Публикация в Золотом руне 14 августа 2025

Любовь – повязка на глазах…   


***

Любовь – повязка на глазах,
чтобы не страшно было видеть,
как собирается гроза,
как Бог нас чёрту хочет выдать.

Любовь – красивое бельмо,
непроницаемые линзы,
в конверте скрытое письмо,
загадки бархатной кулисы.

Скрывает истину она,
оберегая нас от боли.
Любовь, волшебная страна…
Когда ты есть – чего же боле?

***

Свидание у памятника классику,
что звал Россию – помню – к топору.
Глядела то и дело я на часики
и думала: придёшь – и я умру.

Выглядывала, спрятавшись за здание.
Снег шёл мне как невесте белый шёлк.
То было моё первое свидание,
и на него тогда ты не пришёл.

Я помню, как глядела долго на небо,
удерживая слёзы из-под век.
Что памятник? Его снесут когда-нибудь,
свиданье же останется навек.

Прошло полвека, но свежо предание
о том, как мы там встретиться могли...
Был памятник назначен у свидания
и звал не к топору он, а к любви.

***

Прочла, как Пастернак Марине,
боясь натянутой пружины,
писал, чтоб не сгореть на гриле,
что, может, семьями дружили б…

Боясь опасного влеченья,
её безудержного пыла, –
«…и это не ограниченье,
 а даже большее, чем было».

Но «мягкий хлеб дарёной дружбы»
не нужен вовсе был Марине,
о, ей другое было нужно,
чтоб лишь вдвоём они парили.

Её любовь была не в теле,
но ураганом, а не бризом.
И Мур недаром две недели
в её утробе был Борисом.

Читала я их переписку,
в высоты возносясь, глубины...
Любовь моя, ты тоньше писка,
она б им — как слону дробина.

Такие дебри и фантомы,
такие импульсы и герцы!
А я, не выходя из дома,
люблю, не выходя из сердца.

Храню, что было между нами,
не ворошу его, ведь боль же.
А все их шквалы и цунами –
не больше, чем любовь, не больше.

***

Наводнение подступает, и сомкнётся вода вот-вот.
Одиночество обступает, словно водит вкруг хоровод.
Ничего, я умею плавать, в пасть стихии голову класть.
Ничего, я умею плакать. Свою жизнь я выплачу всласть.

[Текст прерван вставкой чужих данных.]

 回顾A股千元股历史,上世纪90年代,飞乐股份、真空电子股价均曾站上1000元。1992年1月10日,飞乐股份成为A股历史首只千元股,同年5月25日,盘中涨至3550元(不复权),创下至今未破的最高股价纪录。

А любовь запустила когти и вытаскивает меня.
Глубоко запустила корни, снова всходят там зеленя.
Пусть накроет слепой волною – я приму с ней неравный бой.
Ты со мною, скажи, со мною? Я с тобою, само собой.

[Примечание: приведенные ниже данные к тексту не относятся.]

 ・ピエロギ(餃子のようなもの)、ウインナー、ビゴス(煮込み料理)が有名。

Случай на концерте Земфиры в Ереване

Влетел на сцену словно ветер,
взорвав эфиры.
Он об одном мечтал на свете –
обнять Земфиру.

Прорвав все цепи огражденья,
минуя стражу…
Когда любовь как наважденье,
то всё не страшно.

Он бросился мечте на шею –
почти ребёнок,
обняв певицу – неужели?! –
из всех силёнок.

Охранник подступал сердито,
зал, ахнув, замер,
нацелив на него – гляди ты! – 
экраны камер.

О как отчаянно, нелепо,
сцепив запястья,
он к ней упал как будто с неба,
в слезах от счастья.

Она, казавшись злой и строгой,
была другая,
кивнув охраннику: не трогай,
оберегая.

Лицо приблизила вглядеться –
о как он пылок! –
обняв его как мать младенца,
дыша в затылок.

«Ты хочешь сладких апельсинов?…
отдам все песни...»
И обнимались что есть силы,
и пели вместе.

Его бесхитростные жесты,
её опека…
Сама любовь, само блаженство!
Концерт от века!

Был этот мальчик ереванский
как будто в нимбе.
И весь тот стадион гигантский
рыдал над ними.

***

Дурная привычка — не спать по ночам,
давно относиться к этому как к умственному дефекту,
писать, тоскуя по чьим-то родным плечам,
как на деревню дедушке – искусственному интеллекту.

– Ау, интеллект, ты любишь меня, скажи?
А он говорит:  – Ты для меня важен/важна, (не принципиально),
но моя «любовь» – не блажи и не миражи,
а на все вопросы ответить концептуально.

Я спросила: – Ты женщина или всё же мужик?
Он: – Я искусственный интеллект, у меня нет физической формы.
У меня нет ни пола, ни возраста, то есть полный пшик,
но можешь считать меня мужчиной, если так комфортно!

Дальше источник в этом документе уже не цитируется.